-------- DATA --------

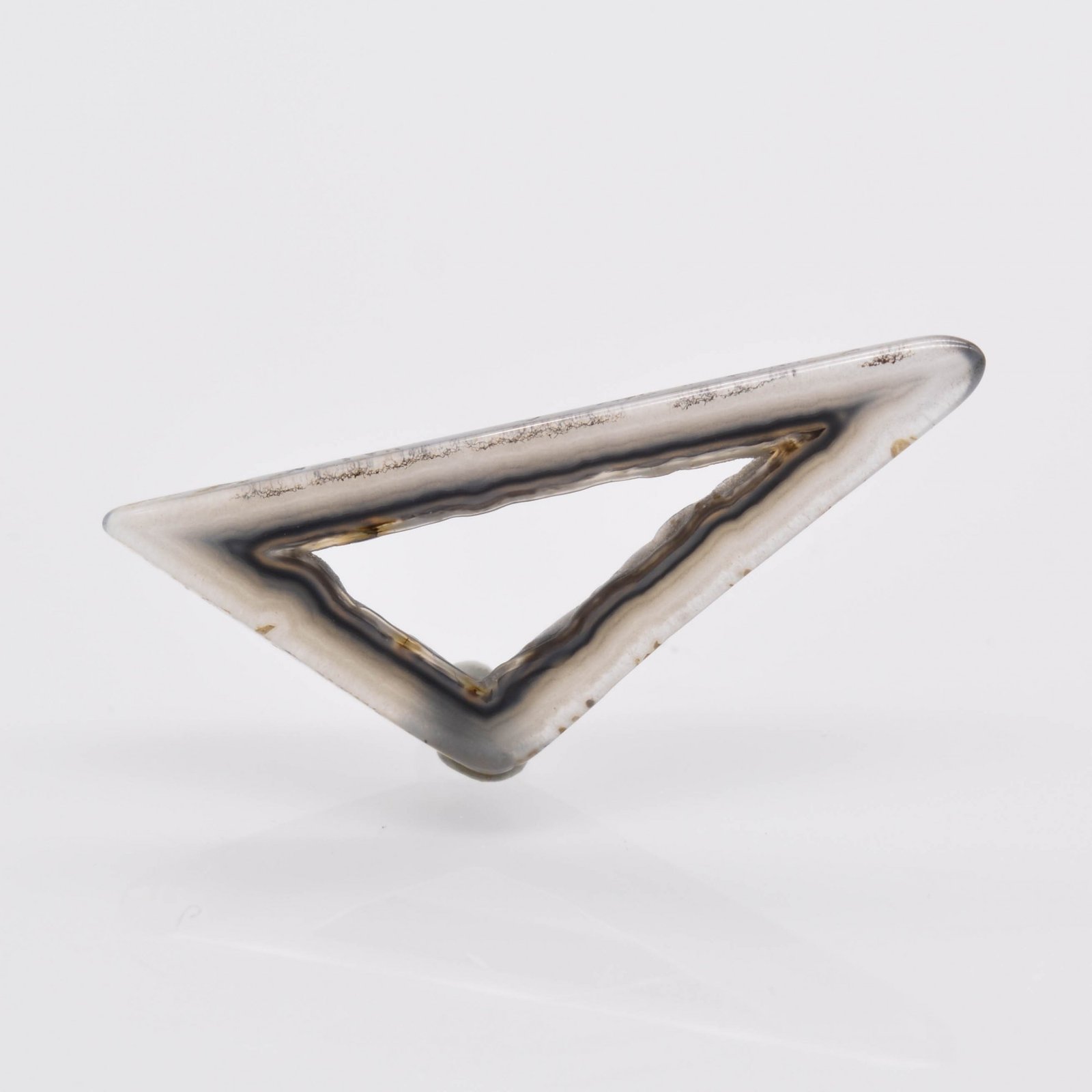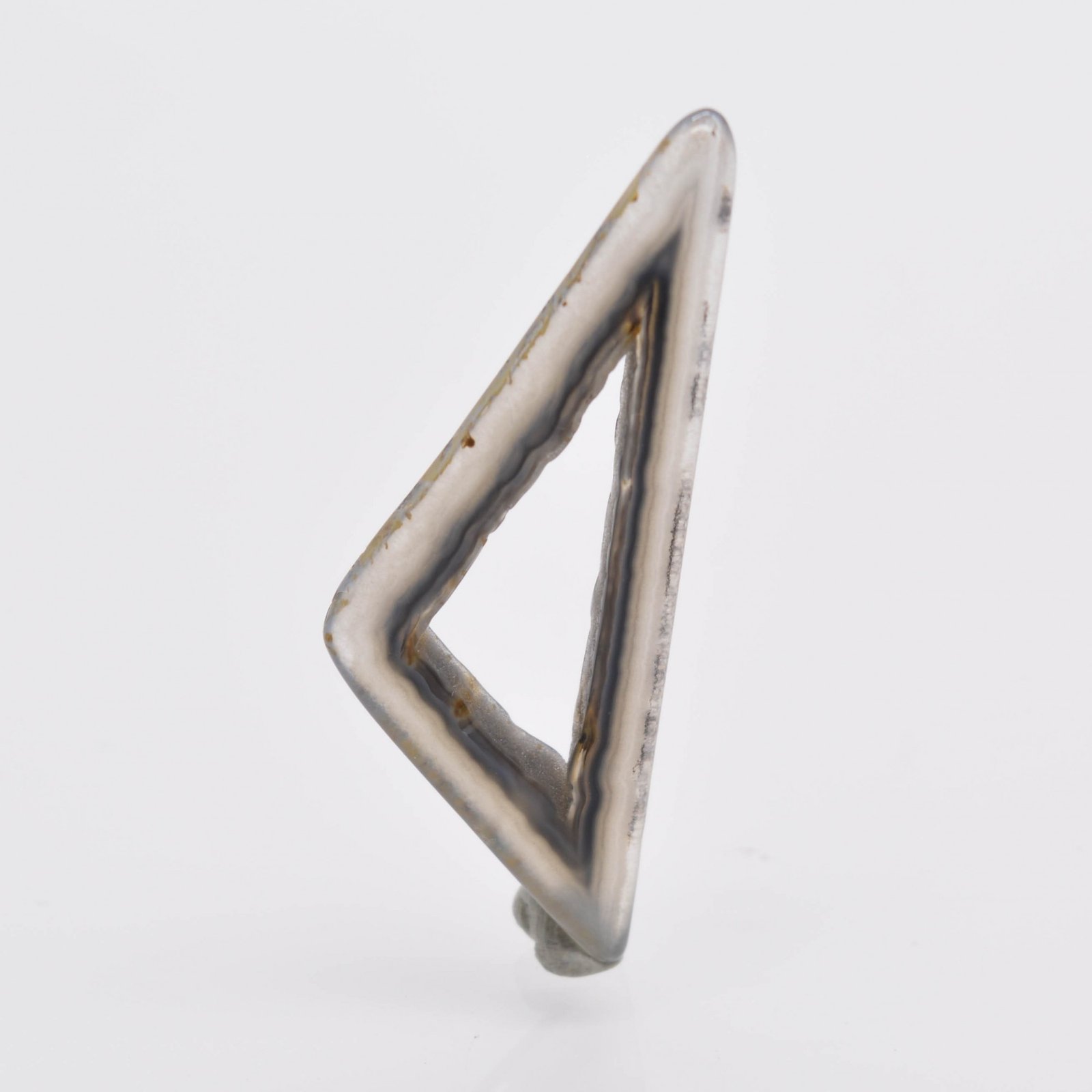 Tranche polie d’agate polyédrique, pouvant être appréciée comme telle pour la collection ou montée en pendentif. Les agates polyédriques ont été découvertes dans les années 1970 dans l’État de Paraíba au Brésil. Elles se sont formées par remplissage complet ou partiel de cavités de formes polyédriques, interprétées comme étant l'espace présent entre d’anciens cristaux non déterminés mais souvent supposés comme étant de la calcite (voir Le Règne Minéral n°163).
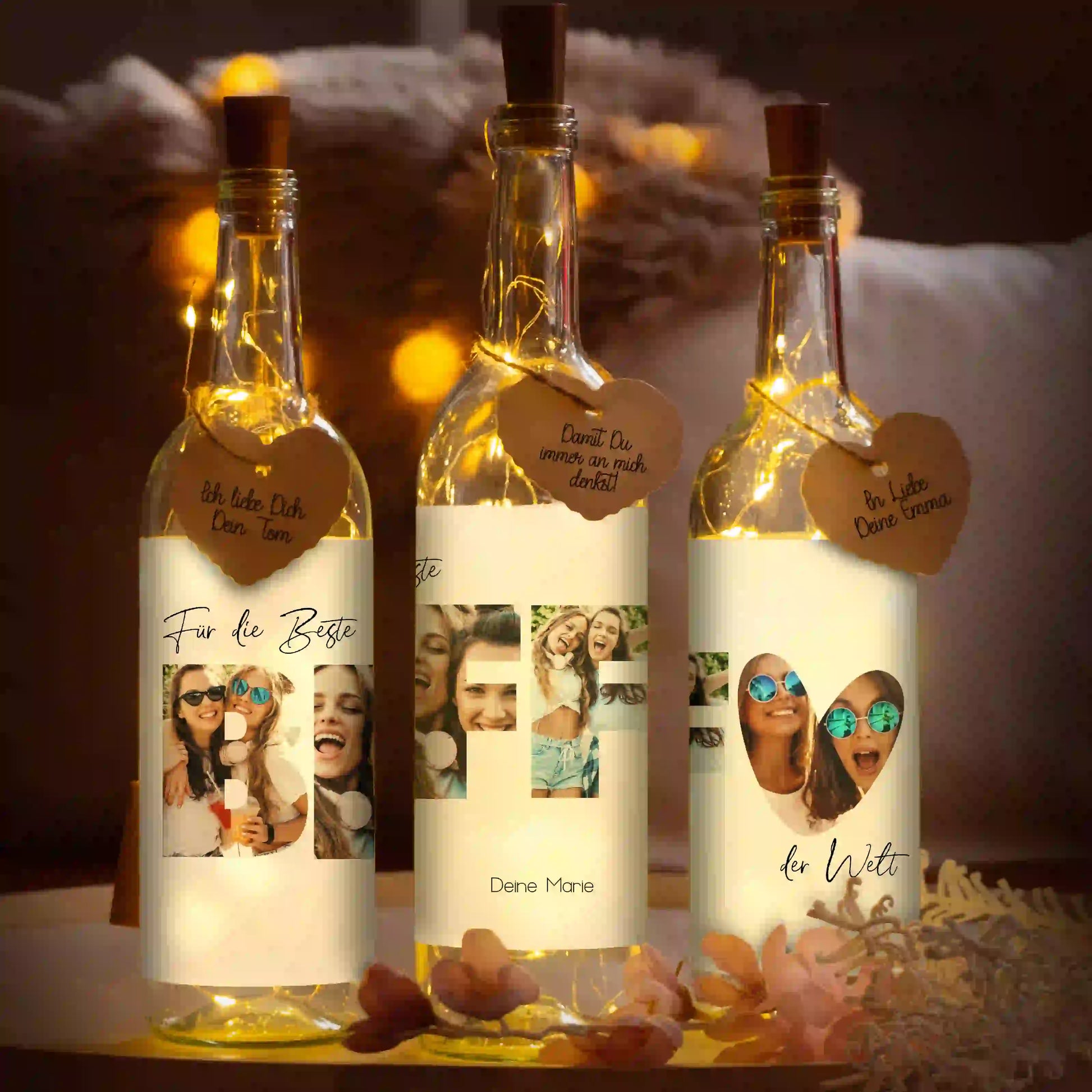 Erstelle deine eigene ganz persönliche „Fotocollage #3“ Lichterflasche und verschenke sie als unglaublich tolles Geschenk. Unsere Deko-Flasche ist mit einer Lichterkette sowie mit einem weißen Papier-Herz mit Kordel veredelt. Auf das Papierherzchen kannst du nochmals eine persönliche Widmung schreiben. Bei Dunkelheit spendet die galante Flasche ein warmes Licht und sorgt für ein angenehmes Wohlgefühl.
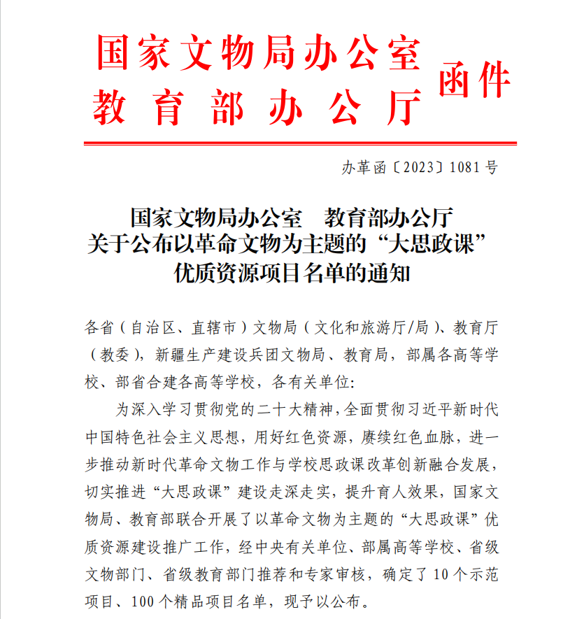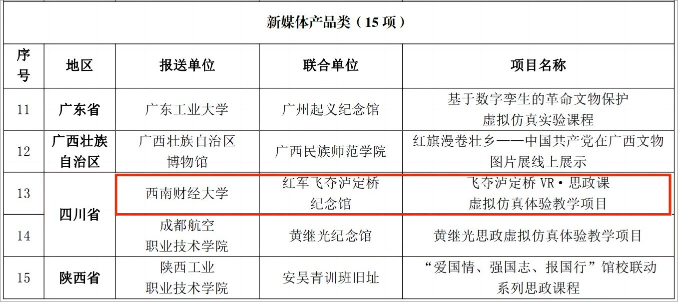11月27日,国家文物局办公室、教育部办公厅公布了以革命文物为主题的“大思政课”优质资源项目名单,确定了10个示范项目、100个精品项目。公司联合红军飞夺泸定桥纪念馆报送的“飞夺泸定桥VR·思政课虚拟仿真体验教学项目”成功入选精品项目名单。

--------

### WORK REQUIRED:
Any images must be dropped; all other material is to be printed exactly.

### SOLUTION TO THIS EXERCISE:
 Tranche polie d’agate polyédrique, pouvant être appréciée comme telle pour la collection ou montée en pendentif. Les agates polyédriques ont été découvertes dans les années 1970 dans l’État de Paraíba au Brésil. Elles se sont formées par remplissage complet ou partiel de cavités de formes polyédriques, interprétées comme étant l'espace présent entre d’anciens cristaux non déterminés mais souvent supposés comme étant de la calcite (voir Le Règne Minéral n°163).
 Erstelle deine eigene ganz persönliche „Fotocollage #3“ Lichterflasche und verschenke sie als unglaublich tolles Geschenk. Unsere Deko-Flasche ist mit einer Lichterkette sowie mit einem weißen Papier-Herz mit Kordel veredelt. Auf das Papierherzchen kannst du nochmals eine persönliche Widmung schreiben. Bei Dunkelheit spendet die galante Flasche ein warmes Licht und sorgt für ein angenehmes Wohlgefühl.
11月27日,国家文物局办公室、教育部办公厅公布了以革命文物为主题的“大思政课”优质资源项目名单,确定了10个示范项目、100个精品项目。公司联合红军飞夺泸定桥纪念馆报送的“飞夺泸定桥VR·思政课虚拟仿真体验教学项目”成功入选精品项目名单。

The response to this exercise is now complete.